------ Data excerpt
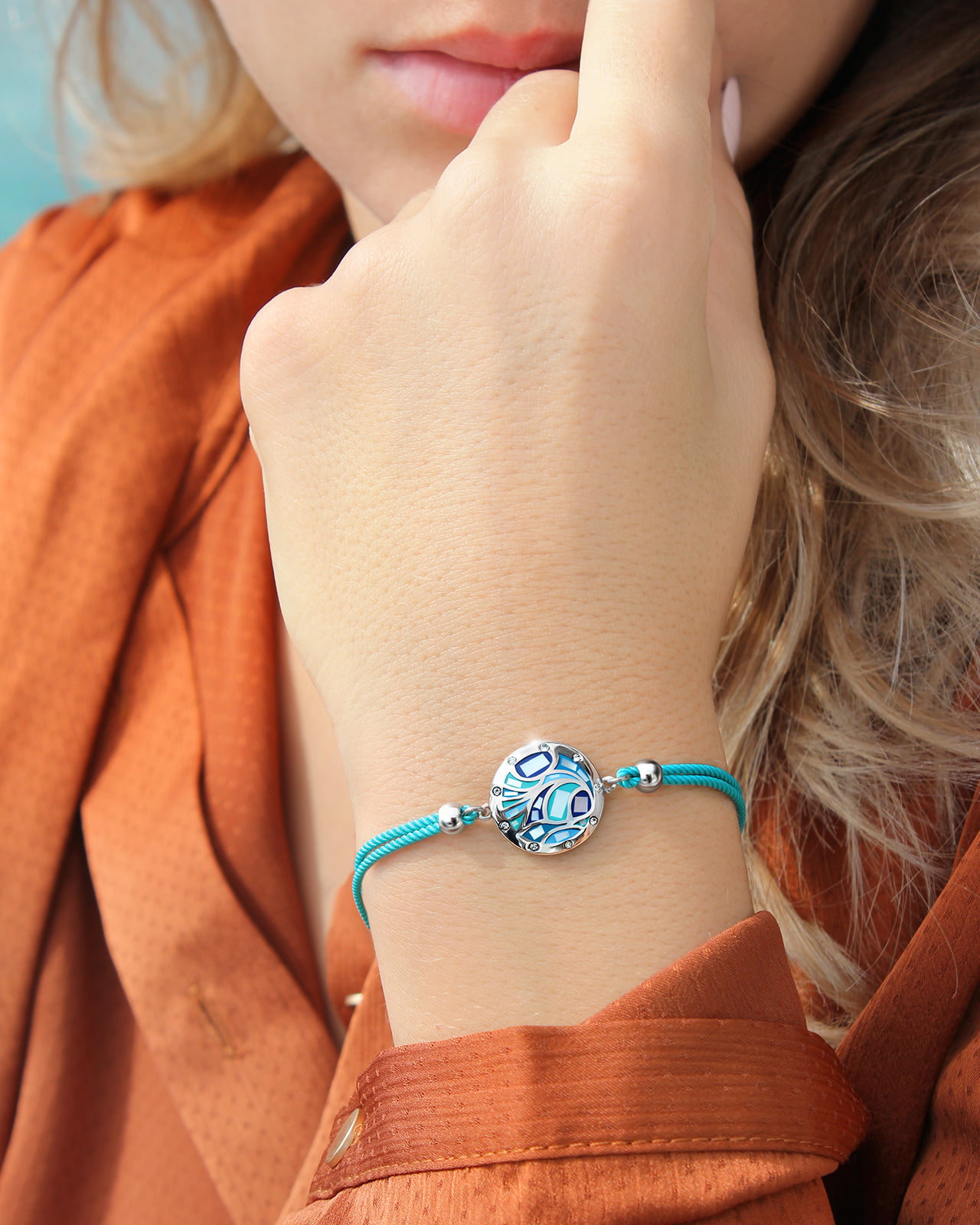 Le bleu-vert de son bracelet coton vous apportera la touche de couleur qui complètera parfaitement vos tenues et qui sublimera votre poignet.
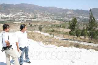 CHILPANCINGO, GUERRERO 23FEBRERO2009.- El regidor del PVEM Ivan Sanchez Aguilar y el procurador de Proteccion Ecologica del Estado de Guerrero (PROPEG) Tulio Estrada Apatiga realizaron un recorrido de supervisión por el fraccionamiento "Diamante Sur" ubicado al sur de la capital del estado sobre el bulevar Chilpancingo-Petaquillas, luego de recibir denuncias sobre el derribamiento de pinos en dicho lugar asi como de diversas irregularidades cometidas por los propietarios al llevar a cabo los trabajos de lotificación en este sitio, donde han causado daños al medio ambiente. FOTO: OSCAR ALVARADO/CUARTOSCURO.COM
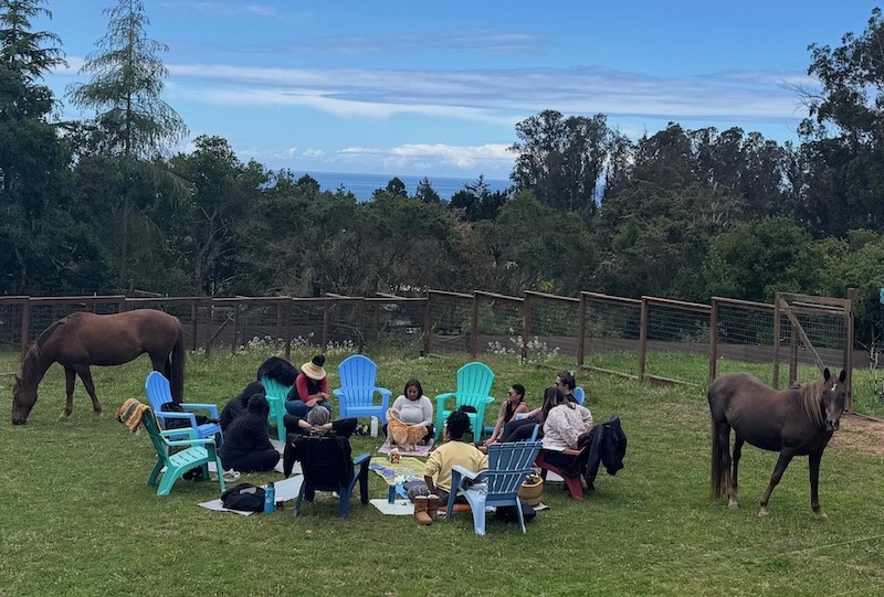 Gather in peaceful company as the sun sets. Notice how the horses respond to the shifting light and cooling evening breeze. Watch as the chickens wander back to roost for the night. This reflective circle welcomes open conversation ...
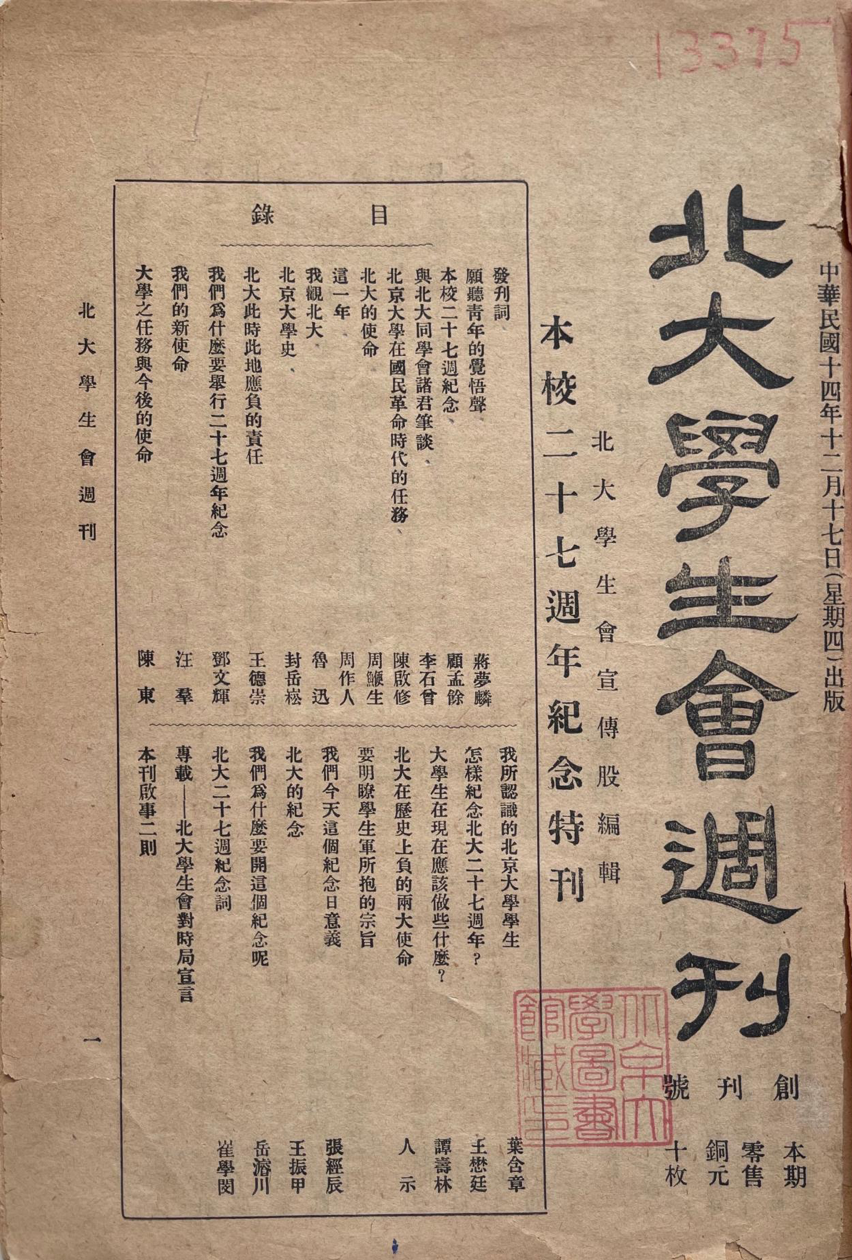 1925年《北大学生会周刊》
------------
The data needs to be reproduced exactly, please, apart from its pictures.

§ Exercise answer
 Le bleu-vert de son bracelet coton vous apportera la touche de couleur qui complètera parfaitement vos tenues et qui sublimera votre poignet.
 CHILPANCINGO, GUERRERO 23FEBRERO2009.- El regidor del PVEM Ivan Sanchez Aguilar y el procurador de Proteccion Ecologica del Estado de Guerrero (PROPEG) Tulio Estrada Apatiga realizaron un recorrido de supervisión por el fraccionamiento "Diamante Sur" ubicado al sur de la capital del estado sobre el bulevar Chilpancingo-Petaquillas, luego de recibir denuncias sobre el derribamiento de pinos en dicho lugar asi como de diversas irregularidades cometidas por los propietarios al llevar a cabo los trabajos de lotificación en este sitio, donde han causado daños al medio ambiente. FOTO: OSCAR ALVARADO/CUARTOSCURO.COM
 Gather in peaceful company as the sun sets. Notice how the horses respond to the shifting light and cooling evening breeze. Watch as the chickens wander back to roost for the night. This reflective circle welcomes open conversation ...
 1925年《北大学生会周刊》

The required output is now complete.